Copy out and return the lines from the one holding "Usb Type C To" to the end of the listing below, both included, omitting the pictures.

+++

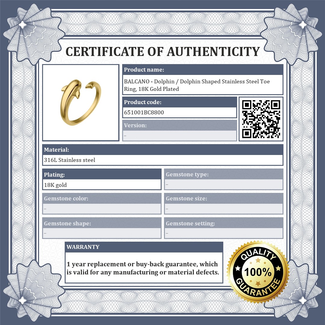 BALCANO - Dolphin / Dolphin Shaped Stainless Steel Toe Ring, 18K Gold Plated
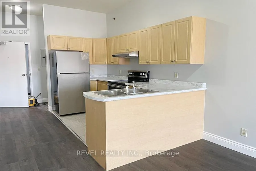 Cross Streets: Brant Ave & Colborne. ** Directions: From Brant Ave, head east on Colborne St. Building on left hand side. Located Downtown at Harmony Square. Not ready to buy - no problem! Welcome home to 150 Colborne Street, Unit 403, located in the heart of downtown Brantford looking onto Harmony Square. This renovated loft-style condo offers 1 bedroom, 1 bathroom, high ceilings, a spacious balcony and beautiful finishes throughout. The first thing you will notice when entering this condo is the fantastic kitchen with stainless steel appliances and new countertops. The kitchen is open to the dining and living spaces making entertaining a breeze! The large window allows tonnes of natural light to flood into this space. The main bedroom is very spacious and offers enough space to include a desk or work area. French doors off the bedroom bring you out the balcony that overlooks Harmony Square making this the perfect spot to enjoy the warm summer months. Last but not least is the 4 piece bathroom which has been beautifully updated. The air conditioner was replaced in 2024. This building offers coin-operated laundry so you don't have to worry about going to a laundry mat-location, location, location. With a large selection of entertainment and dining choices within steps of the building including frequent festivals and events, this is the perfect spot for you to call home! Parking is all around and Municipal parking is available for approximately $80.00 per month if parking is required. Application, letter of employment & proof of income, credit report and reference required. (id:27476)
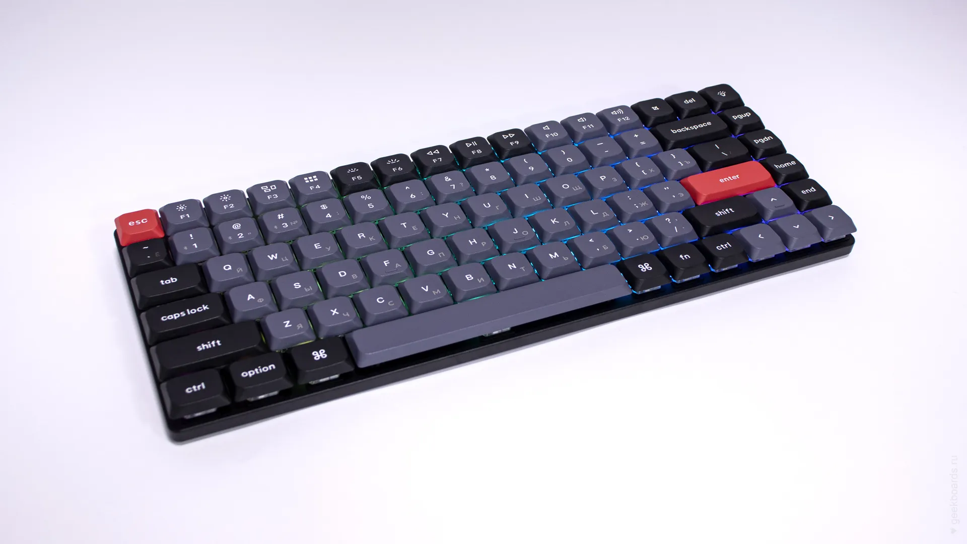 Сочетание 75% формата и низкопрофильных переключателей делает Keychron K3 RGB мобильной и компактной — клавиатура не займет много места на рабочем столе и ее легко брать с собой.
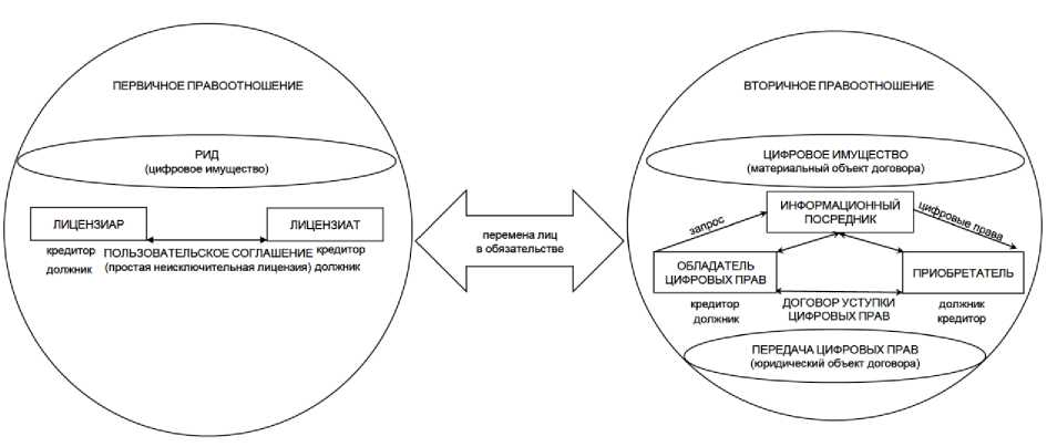 Так как в классическом договоре используется категория «вещь» в материальном понимании, то цессия выступает в качестве дополнительной надстройки для некоторых правоотношений. В нашем случае уступка цифровых прав будет универсальным инструментом для любых видов договорных обязательств в силу отсутствия цифрового имущества в материальном мире, а значит, невозможности отчуждения без передачи цифровых прав на него. Во вторичном правоотношении обладатель цифровых прав (например, продавец цифрового имущества) обязуется передать цифровой объект посредством уступки цифровых прав, а приобретатель выплачивает стоимость такого объекта. После того как стороны выполнили свои обязанности по договору, происходит перемена лиц в обязательстве. Обладатель направляет информационному посреднику запрос о передаче цифровых прав на конкретный цифровой объект, а посредник обеспечивает сделку. После цессии приобретатель цифровых прав имеет право требования цифрового имущества у правообладателя посредством реализации технических мер (ввода идентификационных данных, ключа доступа и т. д.).
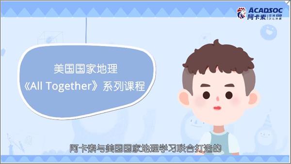 阿卡索少儿课程体系立足于入学启蒙到高中阶段的孩子,并精确划分10个级别,设置少儿主修课程与少儿辅修课程,涵盖英语技能训练与素养提升。如阿卡索与美国国家地理学习联合打造的《All Together》系列课程,通过借助美国国家地理学习优质的音频和图片资源,直观形象的把世界呈现给学生,用于强化5-12岁儿童及青少年的语言能力和思维模式,培养其英语综合能力运用。
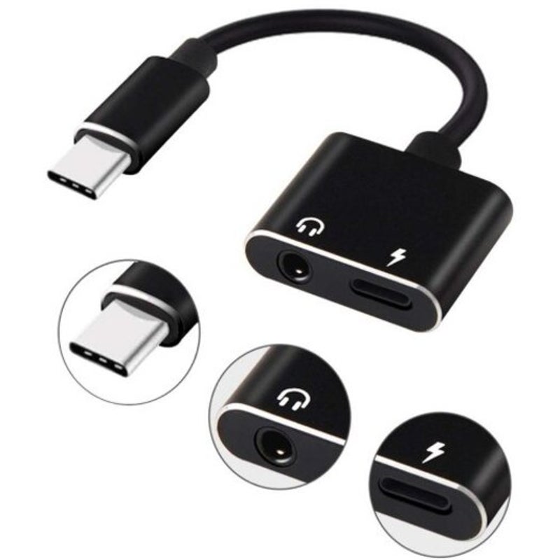 Usb Type C To 3.5 Mm And Charger 2 In 1 Headphone Audio Jack Cable Adapter Black Cables & Adapters
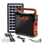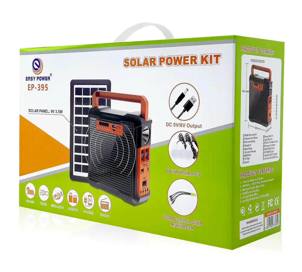 סוללת גיבוי עם מערכת תאורה ניידת ורדיו דגם EP-395 עם טעינה סולארית, טעינה חשמלית, רדיו ומטען נייד חיבור USB 5V
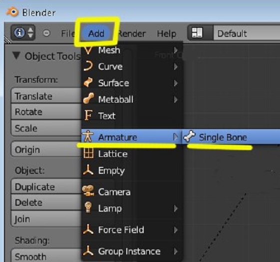 Para colocar un bone de la armature, lo podemos hacer desde, add > armature > single bone:

+++

Result of this exercise:
 Usb Type C To 3.5 Mm And Charger 2 In 1 Headphone Audio Jack Cable Adapter Black Cables & Adapters
 סוללת גיבוי עם מערכת תאורה ניידת ורדיו דגם EP-395 עם טעינה סולארית, טעינה חשמלית, רדיו ומטען נייד חיבור USB 5V
 Para colocar un bone de la armature, lo podemos hacer desde, add > armature > single bone:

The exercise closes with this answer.